Activity: From the line containing "Ngày 17/3, Barron" to the line containing "feather, perched, outdoor" in the records below, set down every line exactly as it stands, both ends included, and skip the pictures.

Given data:
---+---

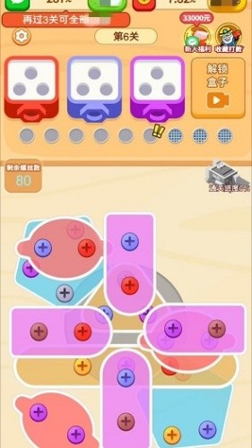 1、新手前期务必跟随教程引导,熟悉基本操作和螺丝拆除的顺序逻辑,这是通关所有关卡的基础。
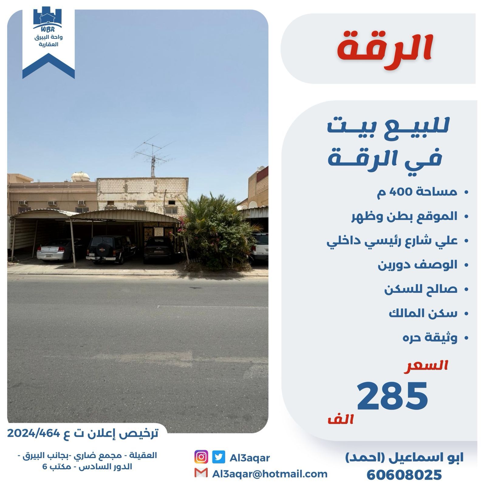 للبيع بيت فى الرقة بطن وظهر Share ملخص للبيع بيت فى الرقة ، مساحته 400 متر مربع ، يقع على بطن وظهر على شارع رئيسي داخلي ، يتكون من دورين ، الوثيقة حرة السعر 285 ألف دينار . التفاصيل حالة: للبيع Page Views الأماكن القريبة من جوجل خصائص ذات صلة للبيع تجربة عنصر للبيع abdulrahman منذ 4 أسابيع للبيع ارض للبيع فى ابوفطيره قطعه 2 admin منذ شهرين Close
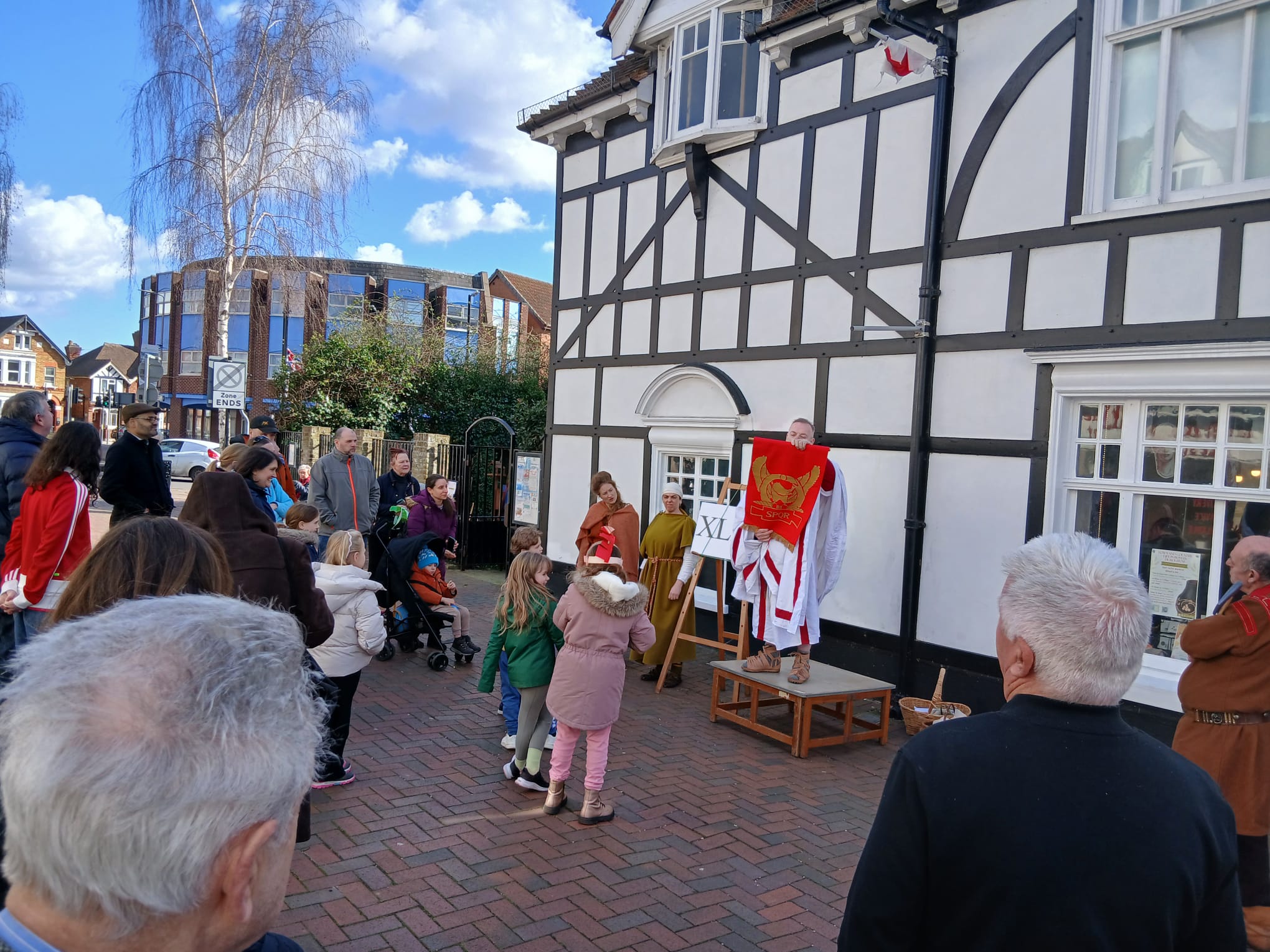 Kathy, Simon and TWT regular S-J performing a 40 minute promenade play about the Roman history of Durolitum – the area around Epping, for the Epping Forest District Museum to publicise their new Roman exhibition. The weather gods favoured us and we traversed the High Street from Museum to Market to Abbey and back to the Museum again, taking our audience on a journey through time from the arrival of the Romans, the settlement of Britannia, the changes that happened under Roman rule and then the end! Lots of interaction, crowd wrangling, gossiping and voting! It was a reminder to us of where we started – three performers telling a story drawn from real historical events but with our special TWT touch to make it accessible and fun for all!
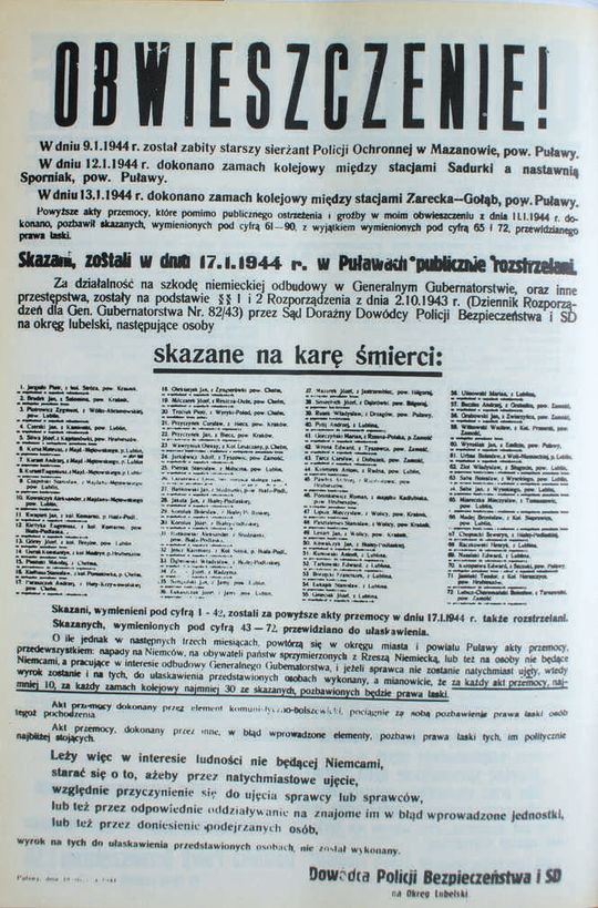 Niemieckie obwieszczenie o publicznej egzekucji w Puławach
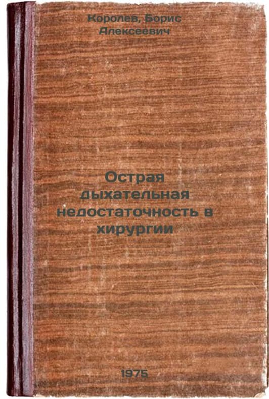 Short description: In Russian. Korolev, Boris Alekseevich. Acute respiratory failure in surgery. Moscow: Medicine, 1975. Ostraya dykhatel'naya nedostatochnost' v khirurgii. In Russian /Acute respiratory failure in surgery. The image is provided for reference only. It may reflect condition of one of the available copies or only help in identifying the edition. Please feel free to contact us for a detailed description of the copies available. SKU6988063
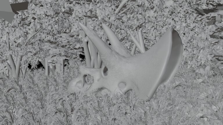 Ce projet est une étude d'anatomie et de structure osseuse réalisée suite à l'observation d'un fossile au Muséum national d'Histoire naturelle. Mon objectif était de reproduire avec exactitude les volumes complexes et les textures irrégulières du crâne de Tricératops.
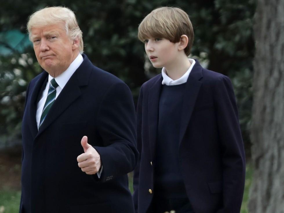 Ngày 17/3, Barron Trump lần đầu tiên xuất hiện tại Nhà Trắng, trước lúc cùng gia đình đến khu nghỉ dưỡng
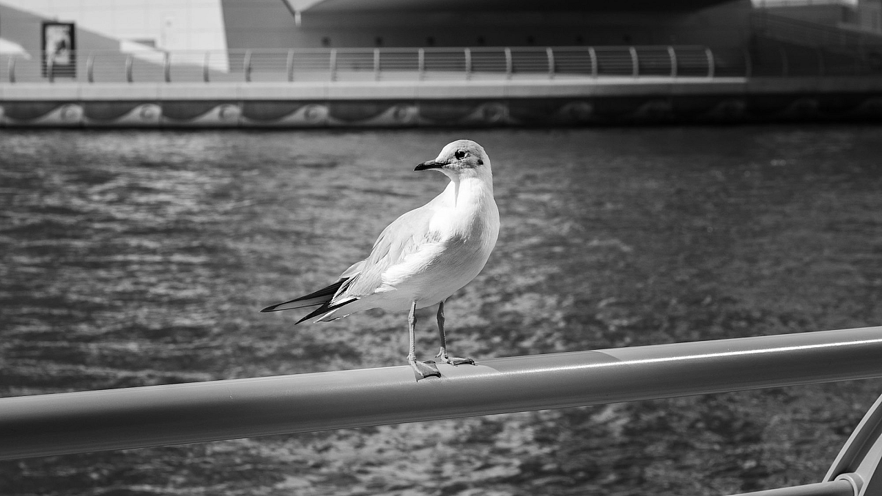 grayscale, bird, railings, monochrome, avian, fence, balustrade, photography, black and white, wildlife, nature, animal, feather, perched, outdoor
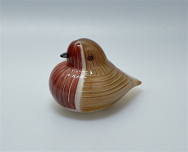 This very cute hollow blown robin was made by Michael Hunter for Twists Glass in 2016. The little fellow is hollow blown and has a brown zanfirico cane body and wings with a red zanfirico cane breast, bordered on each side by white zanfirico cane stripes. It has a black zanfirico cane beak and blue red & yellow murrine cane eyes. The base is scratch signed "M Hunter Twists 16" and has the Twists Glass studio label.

---+---

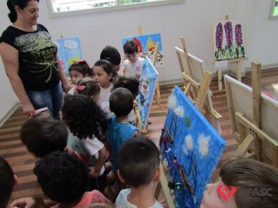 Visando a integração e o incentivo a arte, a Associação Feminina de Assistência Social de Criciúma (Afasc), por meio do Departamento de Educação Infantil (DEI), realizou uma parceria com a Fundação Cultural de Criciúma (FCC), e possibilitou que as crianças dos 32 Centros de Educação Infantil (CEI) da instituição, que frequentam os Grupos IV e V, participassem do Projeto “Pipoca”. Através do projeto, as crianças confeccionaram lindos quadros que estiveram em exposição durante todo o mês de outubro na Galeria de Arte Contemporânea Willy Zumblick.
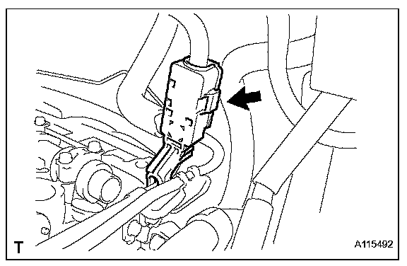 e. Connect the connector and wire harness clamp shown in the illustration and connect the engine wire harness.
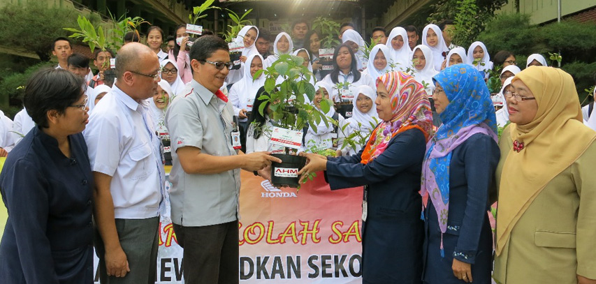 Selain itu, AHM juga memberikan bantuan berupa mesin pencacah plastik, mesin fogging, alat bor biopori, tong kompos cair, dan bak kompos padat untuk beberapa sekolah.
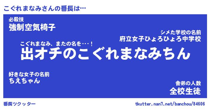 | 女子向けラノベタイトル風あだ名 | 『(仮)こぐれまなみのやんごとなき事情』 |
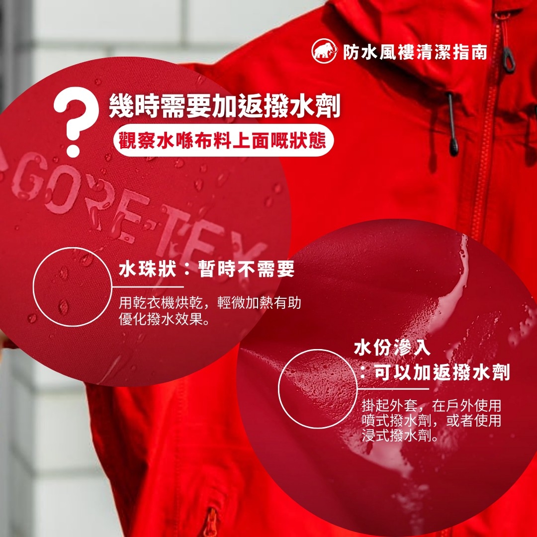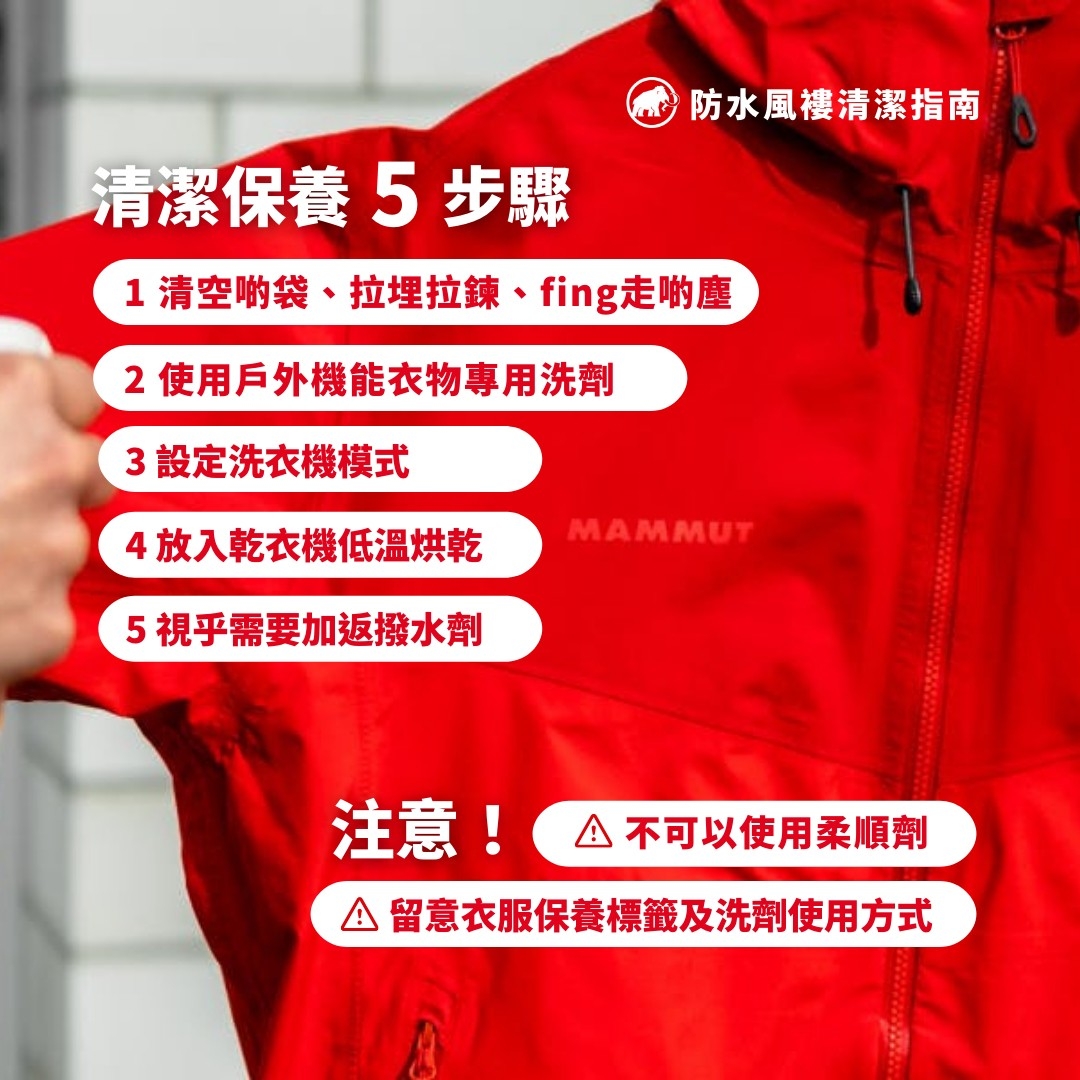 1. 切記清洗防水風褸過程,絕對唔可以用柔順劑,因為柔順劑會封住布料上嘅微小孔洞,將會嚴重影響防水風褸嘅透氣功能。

---+---

Reply to the task:
 Ngày 17/3, Barron Trump lần đầu tiên xuất hiện tại Nhà Trắng, trước lúc cùng gia đình đến khu nghỉ dưỡng
 grayscale, bird, railings, monochrome, avian, fence, balustrade, photography, black and white, wildlife, nature, animal, feather, perched, outdoor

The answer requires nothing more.